Xina, please post pictures. I want to order one for a good friend who's birthday is on August 4th. I planned to order one with corners (she loved the Oberon design but wanted them to have hinges, so she never ordered). She saw mine when I bought one a couple of months ago and decided she might be able to live with corners but she was not thrill. So if there's a way I can give her both then that would be great. She did not like the large journal because it added to much length to her Kindle and she carries it in her purse and it's a perfect fit in one of her outside pockets!


----------



## auntmarge (Dec 4, 2008)

auntmarge said:


> And in a different thread, Xina wrote:
> _I have an oberon velcro because I prefer the floating look, but the velcro was really bugging me because of the thickness it added to my k2. The velcro made it annoying when I changed over to amazon cover (when I needed a lighter weight for the day) & also made prospects of trying noreve or other covers a problem.
> 
> So, a few days ago I ripped the leather outer covering off of my amazon cover & then cut the inner portion in half. I then removed the velcro from my kindle AND my oberon cover (pulled out the stitches) & then inserted the inner half of amazon cover with hinge into the oberon, cut back a little of that black leather pocket inside the oberon (so that the amazon hinge has enough room to function) & now I have the PERFECT oberon cover for me! No corners, no velcro, just hinges & with only about one ounce additional weight (from the half of the inner amazon cover with hinge). I am sooo happy, I can finally really enjoy my oberon cover
> ...


Xina, now that I have my Oberon I've gone back and reread your description, and I'm wondering how you attached the hinge to the Oberon.


----------



## Xina (Mar 21, 2009)

messages received everyone. when i'm back home i'll take a photo & post o.k.


----------



## auntmarge (Dec 4, 2008)

Xina said:


> messages received everyone. when i'm back home i'll take a photo & post o.k.

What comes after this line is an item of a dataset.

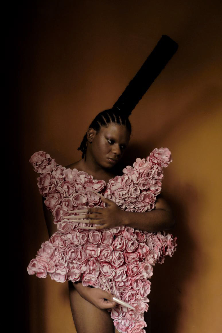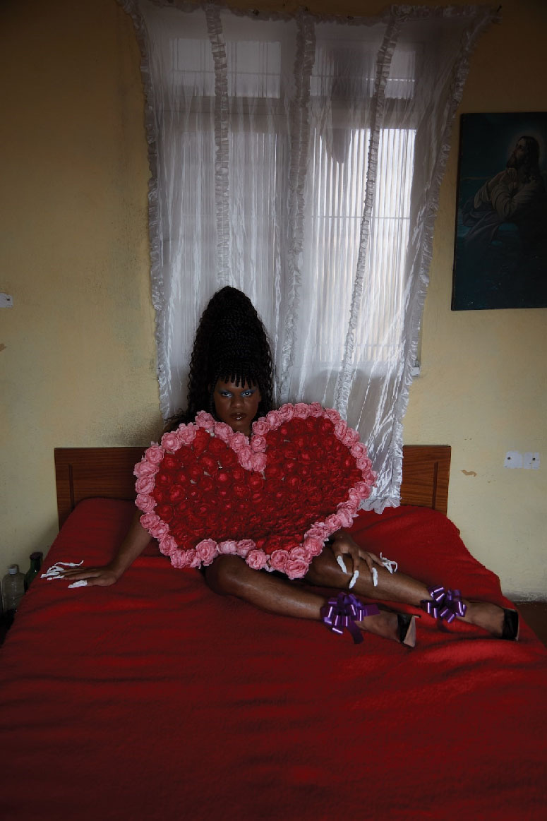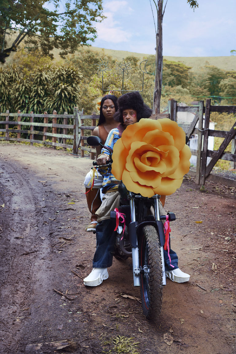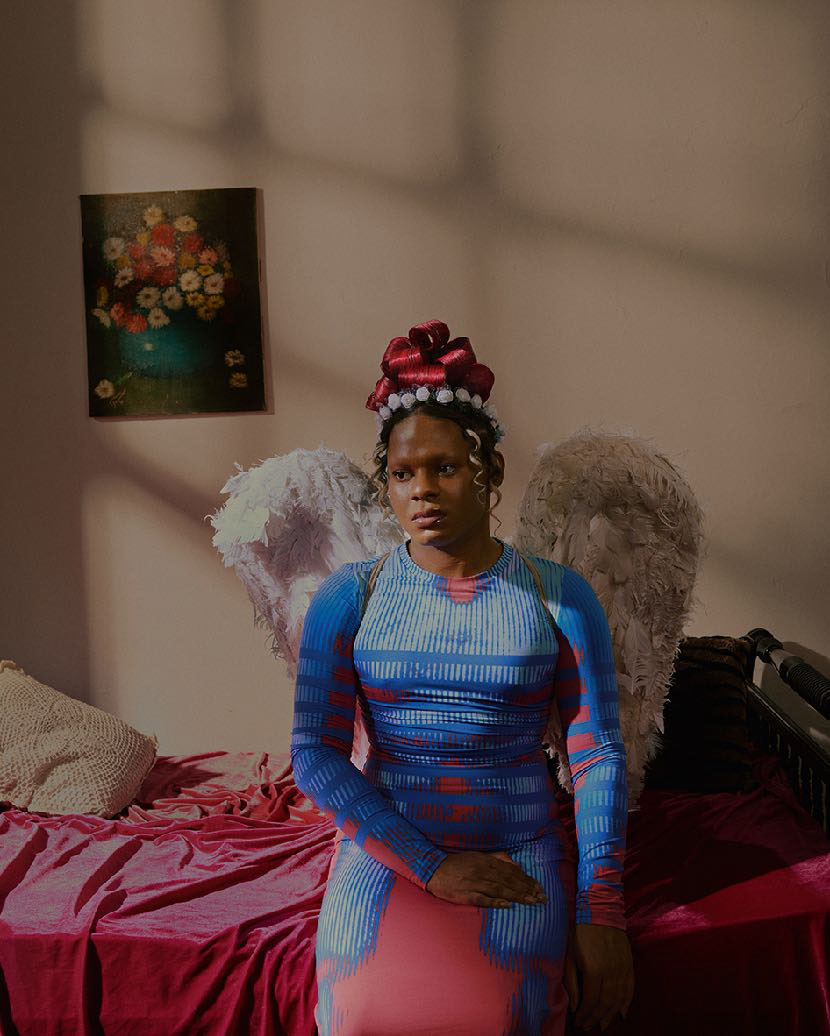 A Rose and A Prayer foi fotografado na cidade de Guarulhos, no sudeste de São Paulo. Ela representa um cruzamento de duas histórias a área desenvolvida perto do centro da cidade e as vielas que levam a uma favela. “O que um ser divino está fazendo ali, em frente àquelas cortinas baratas? O que os seres divinos podem ter a ver com paredes descascadas e mofadas? E com pisos sujos e objetos como pinturas e imagens religiosas deterioradas?”, pergunta Ode. “Crianças latinas, especialmente também negras e queer como nós, por um longo e inocente período, vivem estigmatizadas, mas dentro de nossas casas, podemos ser divinos.” Esses seres estão entre nós – basta apenas ousarmos reimaginá-los.

But when will that BEEEEE?


----------



## Xina (Mar 21, 2009)

mid-august. it's easy though: just rip the leather outer off the amazon cover & then cut the inner cover in half & slip the half with hinge into right side leather pocket of oberon. then cut about a half inch off the oberon leather pocket flap so that the hinge has room to operate. seriously, it's a cinch.


----------



## auntmarge (Dec 4, 2008)

Xina said:


> mid-august. it's easy though: just rip the leather outer off the amazon cover & then cut the inner cover in half & slip the half with hinge into right side leather pocket of oberon. then cut about a half inch off the oberon leather pocket flap so that the hinge has room to operate. seriously, it's a cinch.


I guess what I don't understand is how you got the hinge and the half inner cover to stay put. Did you glue them down, hope for the best, or ?


----------



## Xina (Mar 21, 2009)

no need to secure -- the inner half of the amazon cover fits PERFECTLY into the oberon. no securing necessary.


----------